An issue in this case was the meaning of ‘detriment’ in an anti-discrimination provision – ordinary or technical legal meaning? The court (at [65-83]) reviewed cases on how ordinary words are to be approached. Absent contrary indicators, ordinary words in a statute take their ordinary meaning according to ‘logic and common sense’5.

It was held that, ‘when understood in context’6 ‘detriment’ did not have a ‘special, and different, legal meaning, at odds with its ordinary and natural meaning’. Had parliament wanted something different, it could have legislated for it. iTip – ordinary words usually take their ordinary meaning.

Mischief rule

ABCC v Powell [2017] FCAFC 89

The mischief rule is an ancient precursor to the purposive approach we apply today in selecting between constructional choices7. What parliament was seeking to remedy is part of the context.

What happens, however, when the words chosen go beyond mere remediation of the mischief? This case (at [46-47]) tells us that general words are ‘not necessarily’ to be read down in these situations8. But, where general words would create some ‘disproportionate counter-mischief’, the position may well be different – see Episode 229. iTip – context and purpose are key factors to deciding how general words in a statute are properly to be read10.

Statute ‘as a whole’

Tilley v Children's Guardian [2017] NSWCA 174

Often it’s the simple things that help us when trying to figure out what a provision means. This case (at [54]) takes us back to the core proposition that ‘statutes are to be read as a whole’11. To do otherwise only invites the kind of narrowness which the modern purposive approach seeks to avoid.

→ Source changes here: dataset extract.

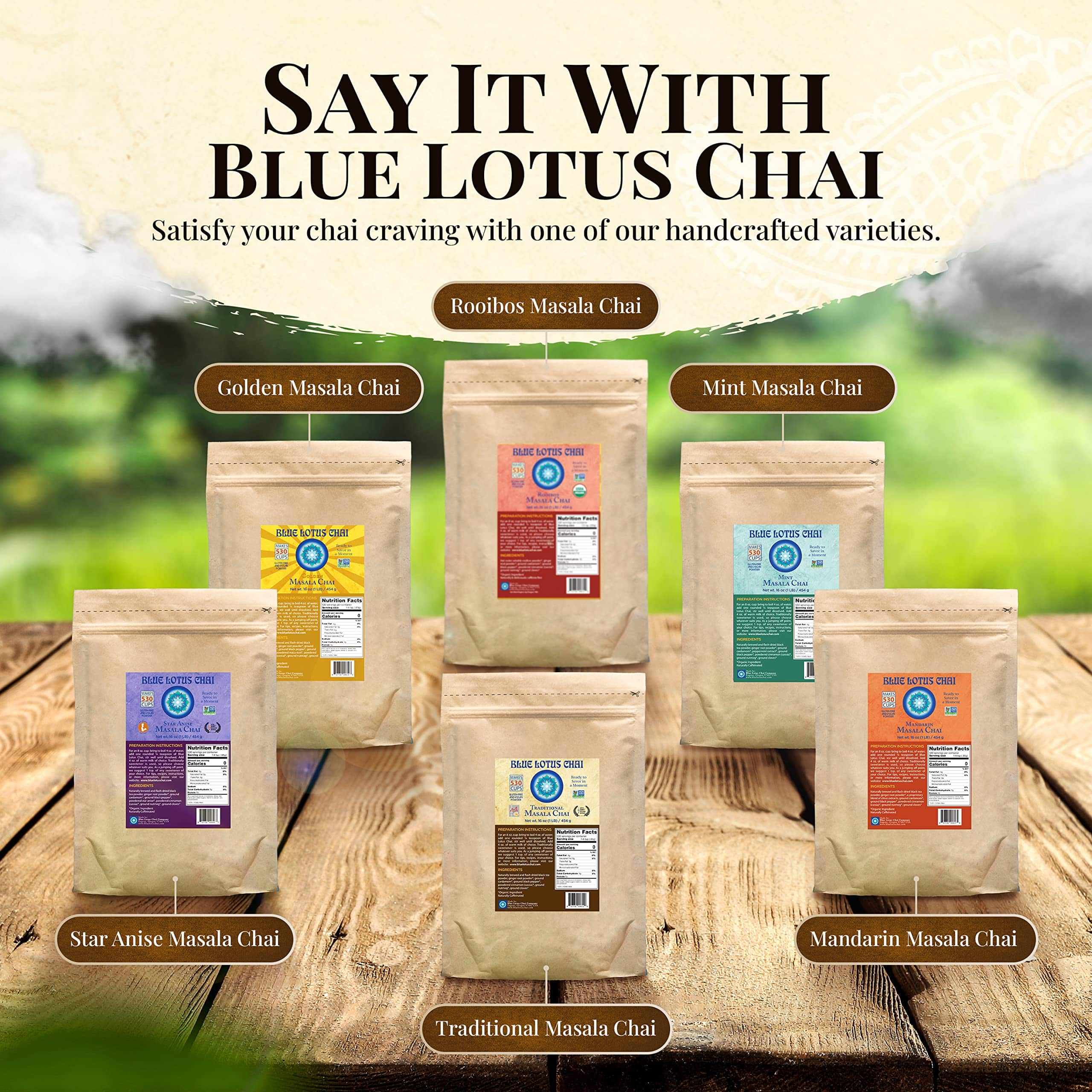 - VEGAN, GLUTEN-FREE, NON-GMO, WITH NO ADDITIVES, MILK POWDERS, SWEETENERS, FILLERS and NO NONSENSE: All varieties of Blue Lotus Chai contain naturally brewed, flash-dried tea powder and 100% Certified Organic by USDA powdered spices.

On this basis, an argument which confined the expression ‘proceedings have been commenced’ in child protection legislation to when a trial began had to be rejected. Reading the provisions together in their context made this clear. iTip – parliament does not enact provisions as little islands of self-contained meaning, nor are they to be read that way.

‘under or in relation to’

Raptis v City of Melbourne [2017] VSC 247

Episode 19 makes the point that the degree of connection required by phrases like this one depends on purpose and context. This case (at [43-52]) gives an example. Raptis ran the Blu-Nite Café from leased premises. He argued that illegal work by the lessor voided the lease, and he demanded all his rent back.

The lessor said that, because the dispute was one ‘arising under or in relation to’ a retail lease, only the tribunal could hear it12. The court agreed – ‘under’ pulled one way (narrow), while ‘in relation to’ pushed in the other (wide). Here, there was a direct relationship between the existing retail lease and its legality. Accordingly, Raptis’ claim was dismissed.

§ Writers – Gordon Brysland & Suna Rizalar.

§ Thanks to Chris Jordan, Jeremy Geale & Michelle Janczarski.

1 Krever (2003) 25 Sydney Law Review 467, for example.

2 National Press Club, Canberra, 5 July 2017.

3 Go to the footnotes for deeper learning.

4 Taylor [2014] HCA 9 (at [37]), Episodes 5, 13 and 21.

5 R v AL (a pseudonym) [2016] VSCA 156 (at [11]).

6 As an element of an indictable offence.

7 Heydon’s Case (1584) 76 ER 637 (at 638), Bennion (Part XIX).

8 Commonwealth Custodial Services [2007] NSWCA 365 (at [16]).

9 UNSW Global [2016] NSWSC 1852 (at [47-50]).

10 cf Watts v APC [2014] FCA 370 (at [61-64]).

11 Unit Trend [2013] HCA 16 (at [47]), cited.

12 ss 81 and 89 of the Retail Leases Act 2003.